> **TASK BRIEF**
I'd ask you to write out the lines below exactly, with no images.

> **DATA SHOWN**

'''

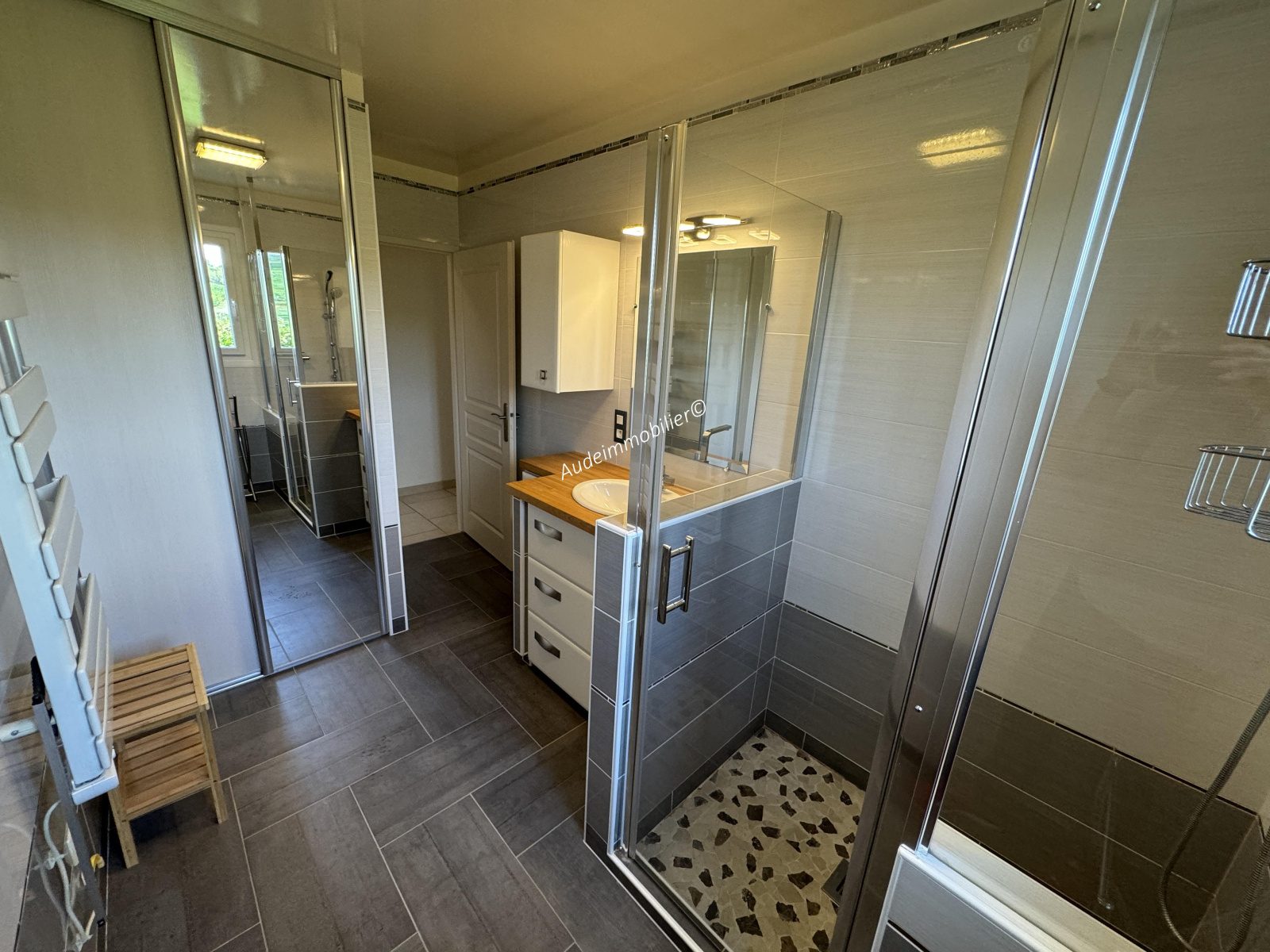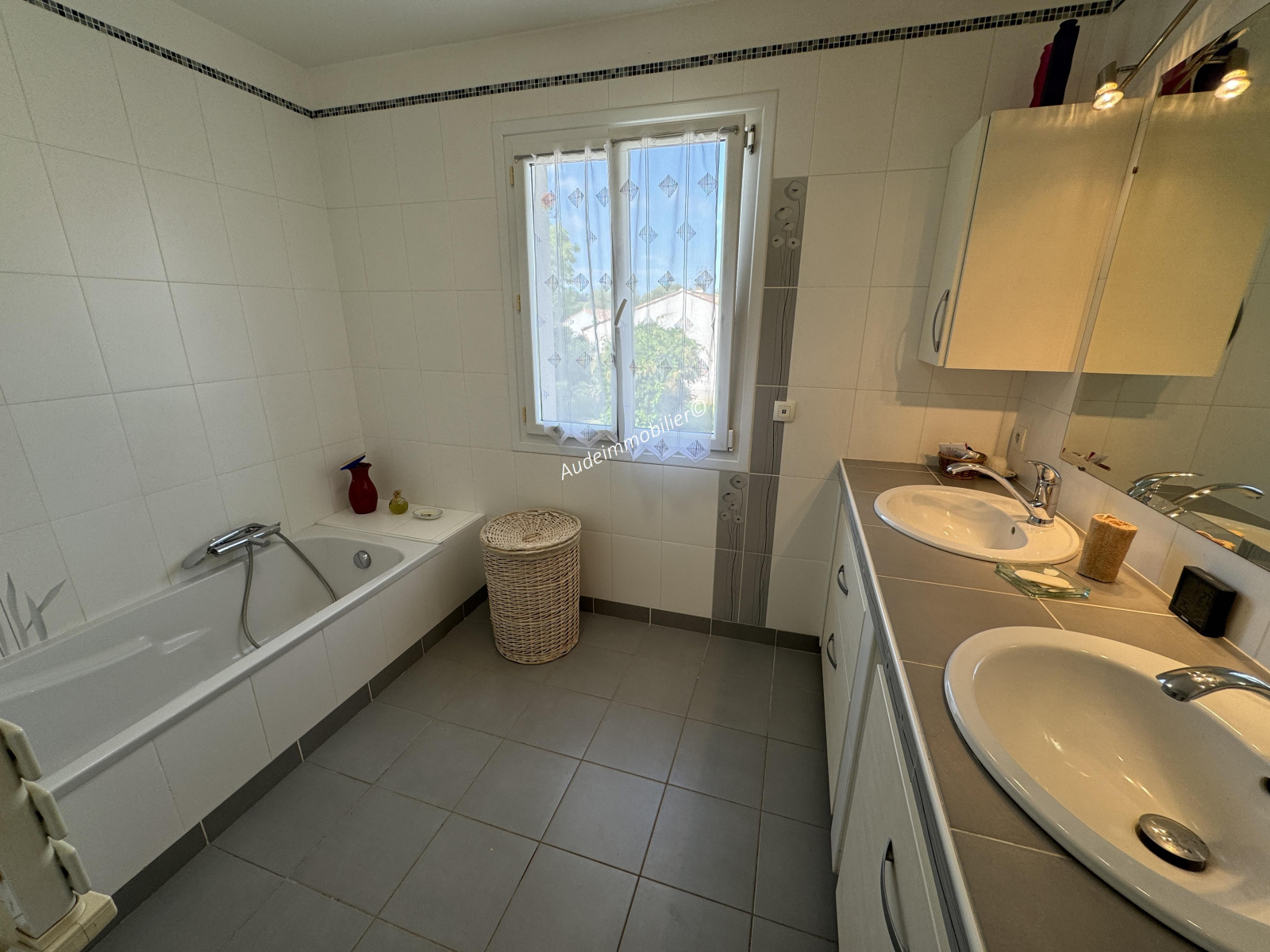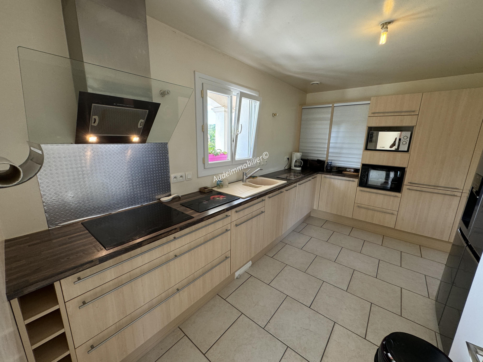 Située dans un village avec commerces et services de l'Axe Limoux/ Toulouse, à 15 minutes de Limoux, villa récente de plain-pied, sur un sous-complet, avec une piscine, un double garage de 89 m², un grand jardin. D'une surface habitable de 185m², cette maison se compose de : une entrée ouvrant sur un séjour / salon de 85,65m², une cuisine aménagée de 11 m², un couloir avec placard, un WC avec lave-main, une chambre de 14m² avec placard, une chambre de 14,3 m², une salle de bain, une chambre de 13,2 m², un WC, un e chambre à usage de bureau de 16,62 m². Au sous-sol : un garage de 89 m² avec deux portails électriques, une pièce de 23,69 m², une pièce de 26,6 m², une pièce de 26,4 m², une pièce de 23,5 m² et un espace avec une cuve de récupération des eaux de pluies de 3000L, un WC, un raccordement lave-linge. Le cumulus thermodynamique est également alimenté par les panneaux solaires, la maison est entièrement climatisée.
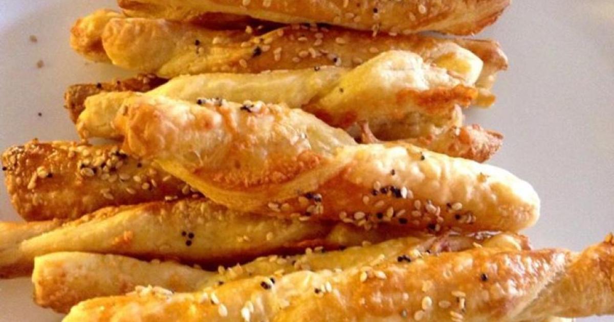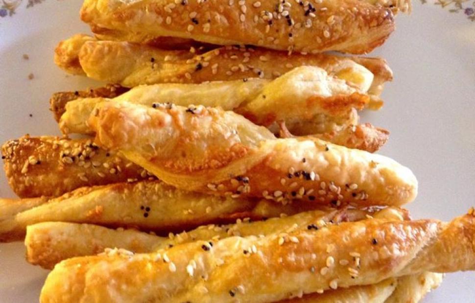 2. Τοποθετείτε τη ζύμη σε αλευρωμένο πάγκο, την κόβετε σε λωρίδες (όχι πολύ λεπτές) και τις στρίβετε σαν πλεξούδες. Τις τοποθετείτε κατόπιν σε ταψί στρωμένο με λαδόκολλα και τις ψήνετε σε μέτρια προθερμασμένο φούρνο για 10 με 15 λεπτά μέχρι να αποκτήσουν το γνωστό λαχταριστό τους χρώμα.
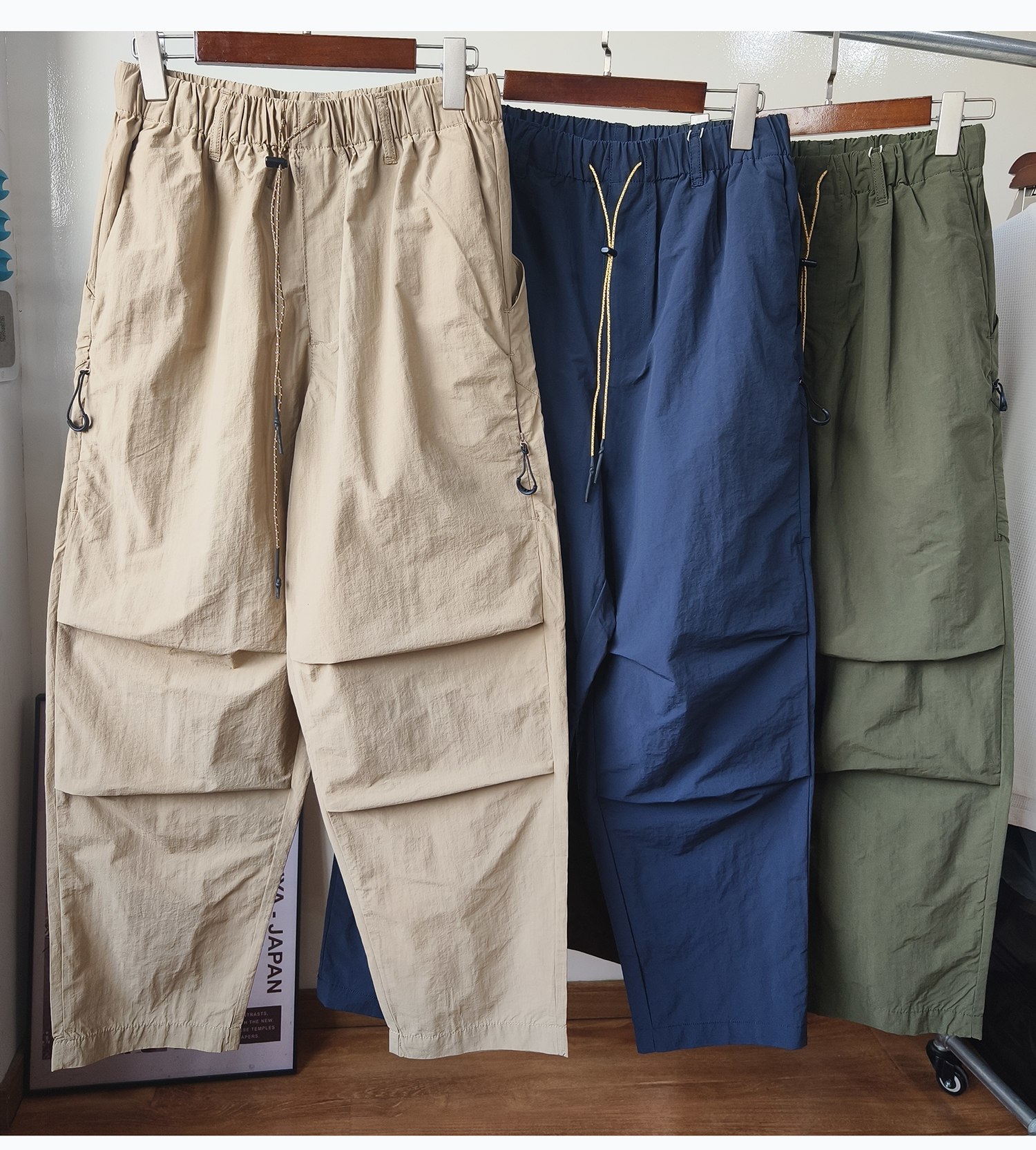 23SS夏季山系機能速乾輕薄 拉鍊袋工裝褲男寬鬆錐形褲子男cityboy
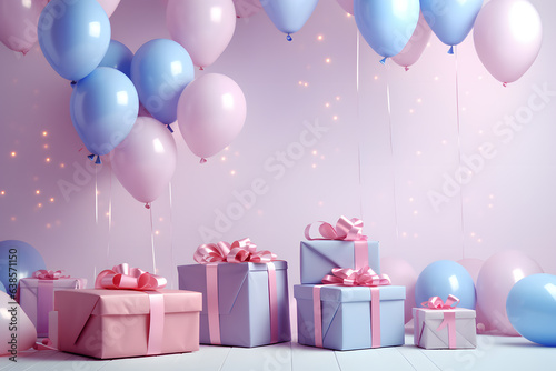 Room full of gifts and balloons. Celebration, holiday, birthday party

'''

> **COMPLETED EXERCISE**
 Située dans un village avec commerces et services de l'Axe Limoux/ Toulouse, à 15 minutes de Limoux, villa récente de plain-pied, sur un sous-complet, avec une piscine, un double garage de 89 m², un grand jardin. D'une surface habitable de 185m², cette maison se compose de : une entrée ouvrant sur un séjour / salon de 85,65m², une cuisine aménagée de 11 m², un couloir avec placard, un WC avec lave-main, une chambre de 14m² avec placard, une chambre de 14,3 m², une salle de bain, une chambre de 13,2 m², un WC, un e chambre à usage de bureau de 16,62 m². Au sous-sol : un garage de 89 m² avec deux portails électriques, une pièce de 23,69 m², une pièce de 26,6 m², une pièce de 26,4 m², une pièce de 23,5 m² et un espace avec une cuve de récupération des eaux de pluies de 3000L, un WC, un raccordement lave-linge. Le cumulus thermodynamique est également alimenté par les panneaux solaires, la maison est entièrement climatisée.
 2. Τοποθετείτε τη ζύμη σε αλευρωμένο πάγκο, την κόβετε σε λωρίδες (όχι πολύ λεπτές) και τις στρίβετε σαν πλεξούδες. Τις τοποθετείτε κατόπιν σε ταψί στρωμένο με λαδόκολλα και τις ψήνετε σε μέτρια προθερμασμένο φούρνο για 10 με 15 λεπτά μέχρι να αποκτήσουν το γνωστό λαχταριστό τους χρώμα.
 23SS夏季山系機能速乾輕薄 拉鍊袋工裝褲男寬鬆錐形褲子男cityboy
 Room full of gifts and balloons. Celebration, holiday, birthday party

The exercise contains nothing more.